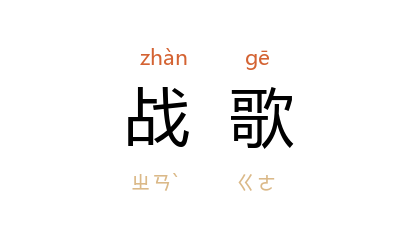 引田间 《给一位母亲》诗:“母亲你呵,招着手,和我们一起唱着战歌。”魏巍 《谁是最可爱的人·这里是今天的东方》:“在危急的战斗中,一边打机关枪,一边高唱着战歌的是他们。”吴组缃 《山洪》三十:“最后是几个游艺节目,镇口土著游击队唱战歌。”
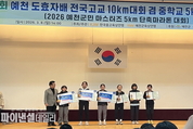 [파이낸셜데일리 박미화 기자] 제12회 예천 도효자배 전국 고교 10km 대회 겸 중학교 5km 대회가 지난 3월 8일 경상북도 예천군 일원에서 개최되었다고 밝혓다. 이번 대회는 전국 중·고등학교 육상 선수들이 참가해 기량을 겨루는 전국 규모의 대회로, 공인 코스에서 고등학교부 10km와 중학교부 5km 경기가 진행되었다. 경안여자중학교(교장 김호영) 육상부 소속 송재연 학생은 중학교부 5km 경기에서 17분 39초의 기록으로 개인전 2위를 차지하며 뛰어난 기량을 선보였다. 특히, 이번 대회는 2026년 시즌 첫 전국 대회로, 값진 입상을 통해 경안여중 육상부의 힘찬 출발을 알리는 계기가 되었다. 송재연 학생은 “출발 전에는 긴장도 되었지만, 평소 훈련했던 내용을 떠올리며 경기에 집중하려고 노력했다. 좋은 결과를 얻게 되어 기쁘고, 앞으로도 더 열심히 훈련해 좋은 모습을 보여 드리고 싶다.”고 소감을 밝혔다. 김호영 교장은 “2026년 첫 전국 대회에서 우리 학교 학생이 좋은 성과를 거두어 매우 기쁘다. 학생의 꾸준한 노력과 열정이 좋은 결과로 이어졌다고 생각한다. 앞으로도 학생들이 자신의 꿈을 향해 성장할 수 있도록 학교 차원에서도 지속적인 지원을 아끼지
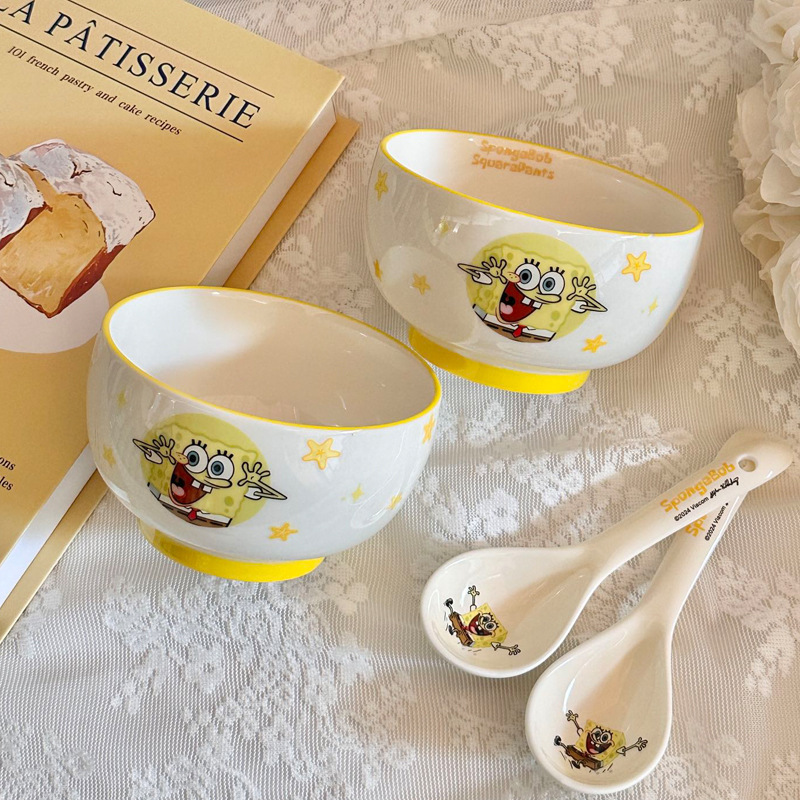 Spongebob Pai Bintang Keramik Nasi Mangkuk Nasi Sendok Makan Set Peralatan Makan Rumah Tangga Anak-anak Pelajar Makanan Penutup Mangkuk Oatmeal
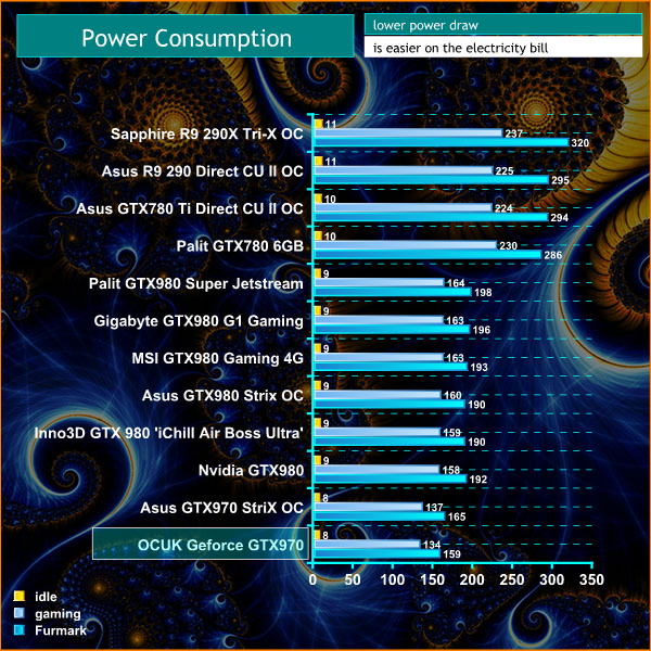 The OcUK GeForce GTX 970 ‘NVIDIA 970 Cooler Edition' is the most power efficient GTX970 we have tested, to date. It consumes 134 watts under gaming load.
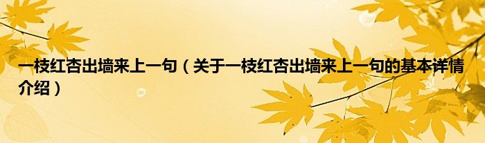 本文关于一枝红杏出墙来上一句的基本详情介绍就讲解完毕,希望对大家有所帮助。
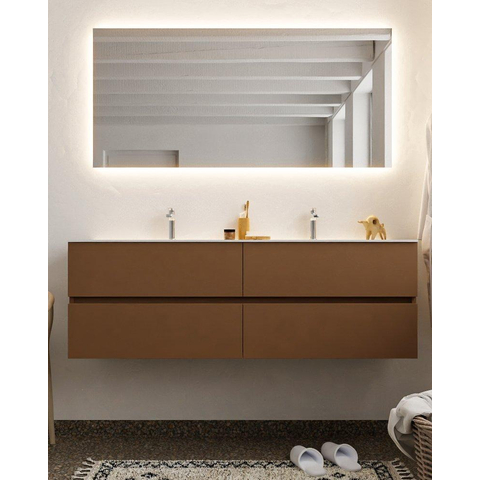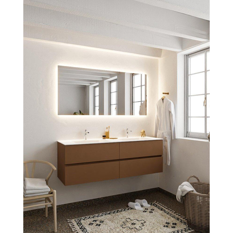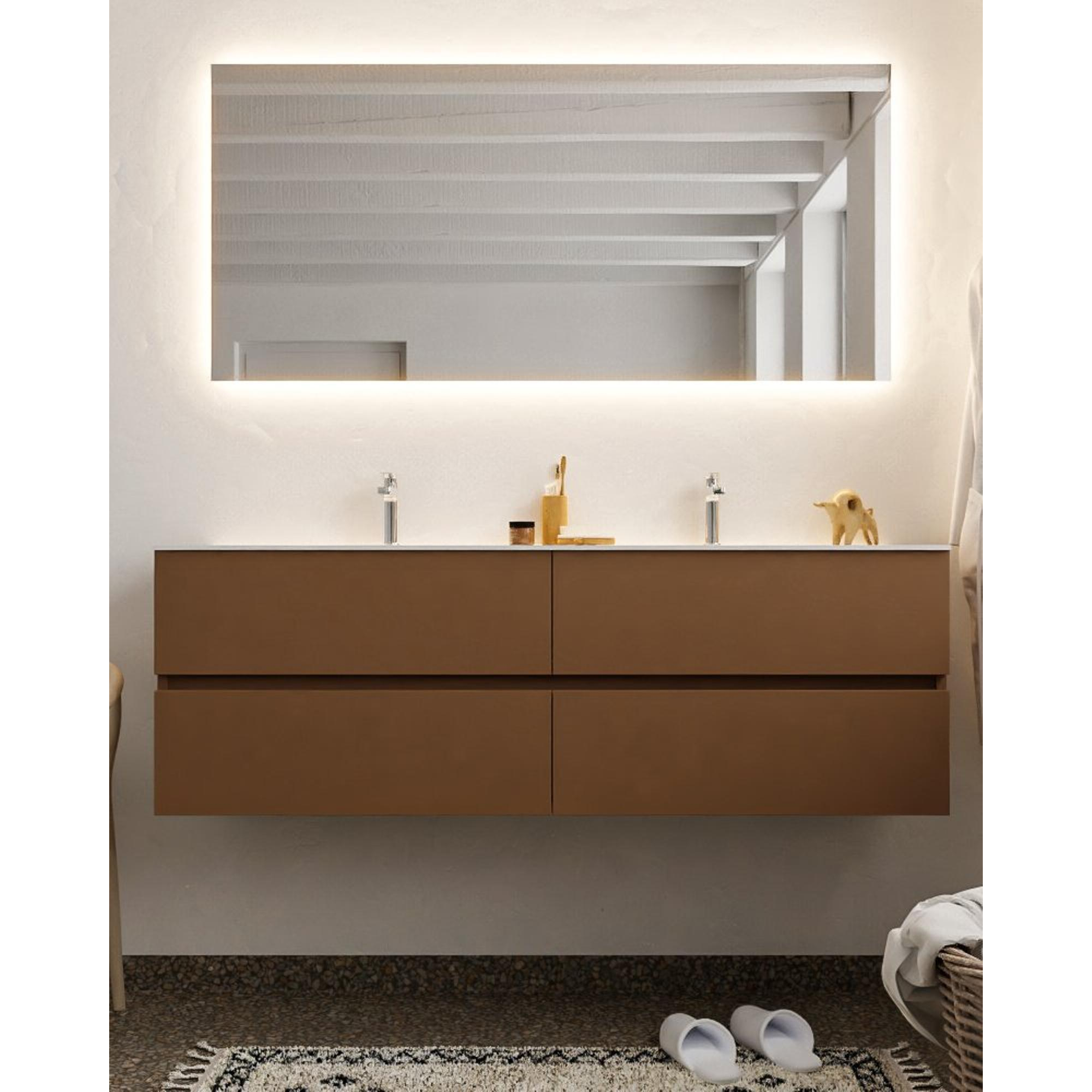 MONDIAZ VICA Badkamermeubelset - 150cm - 4 lades - wasbak Cloud dubbel - 2 kraangaten - solid surface rust
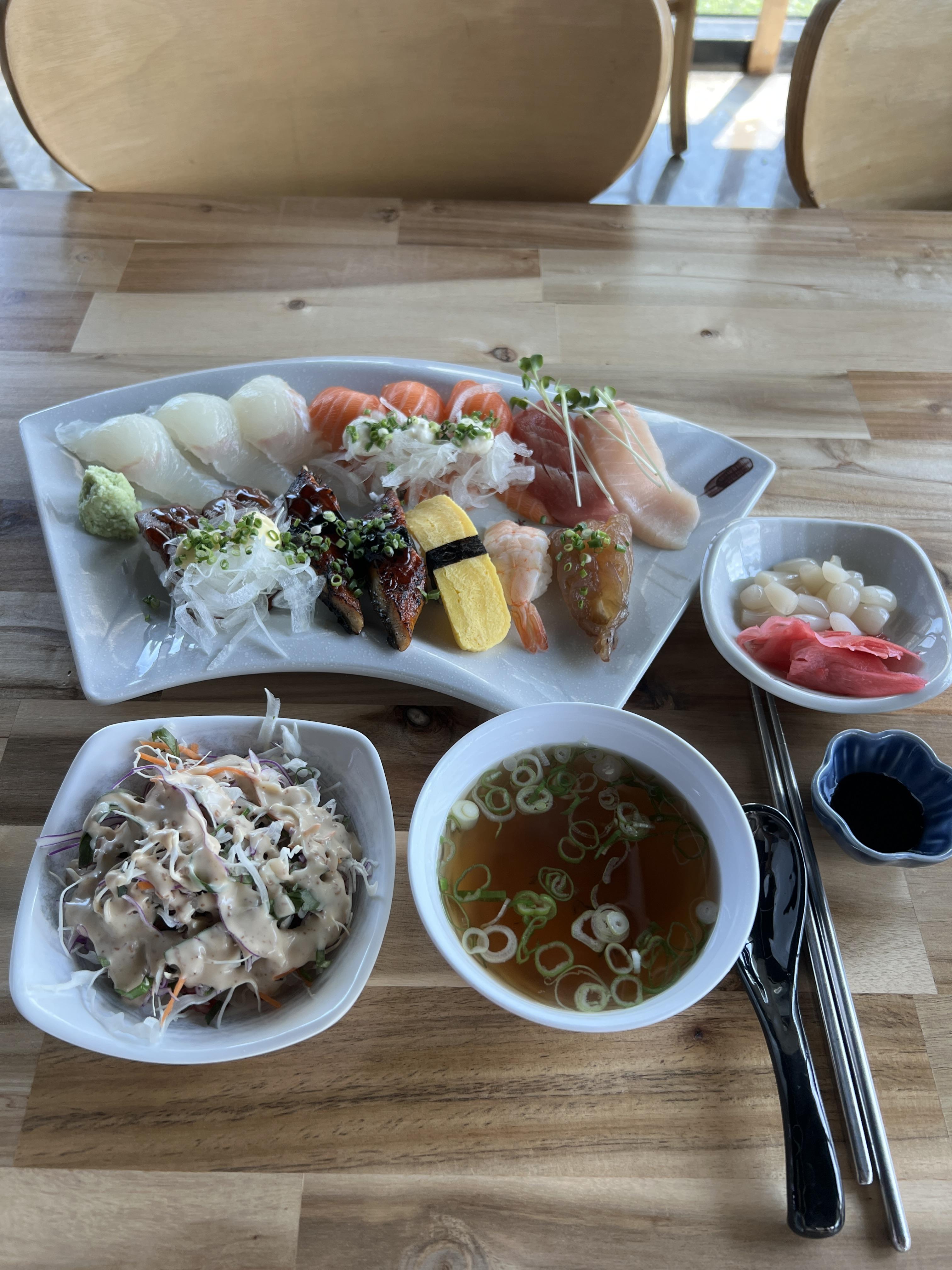 사실 스시를 매우 좋아하는 저로 써는 주인장마음대로 구성이 매우 아쉬웠습니다. 특히 광어 3p, 연어 3p는 조금 실망.. 장국은 깔끔했으며, 샐러드는 소스가 꽤 괜찮았습니다. 아마 시제품인것 같습니다.
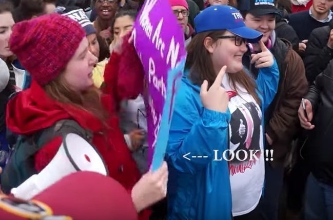 In the video, the girl — wearing a blue Trump hat and a Trump T-shirt — is seen posing for a photo in front of anti-Trump protesters.

AIM OF THE EXERCISE: Without the pictures, give again exactly the lines above starting at the line containing "Spongebob Pai Bintang" and ending at the line containing "사실 스시를 매우 좋아하는".

REPLY TO THE TASK:
 Spongebob Pai Bintang Keramik Nasi Mangkuk Nasi Sendok Makan Set Peralatan Makan Rumah Tangga Anak-anak Pelajar Makanan Penutup Mangkuk Oatmeal
 The OcUK GeForce GTX 970 ‘NVIDIA 970 Cooler Edition' is the most power efficient GTX970 we have tested, to date. It consumes 134 watts under gaming load.
 本文关于一枝红杏出墙来上一句的基本详情介绍就讲解完毕,希望对大家有所帮助。
 MONDIAZ VICA Badkamermeubelset - 150cm - 4 lades - wasbak Cloud dubbel - 2 kraangaten - solid surface rust
 사실 스시를 매우 좋아하는 저로 써는 주인장마음대로 구성이 매우 아쉬웠습니다. 특히 광어 3p, 연어 3p는 조금 실망.. 장국은 깔끔했으며, 샐러드는 소스가 꽤 괜찮았습니다. 아마 시제품인것 같습니다.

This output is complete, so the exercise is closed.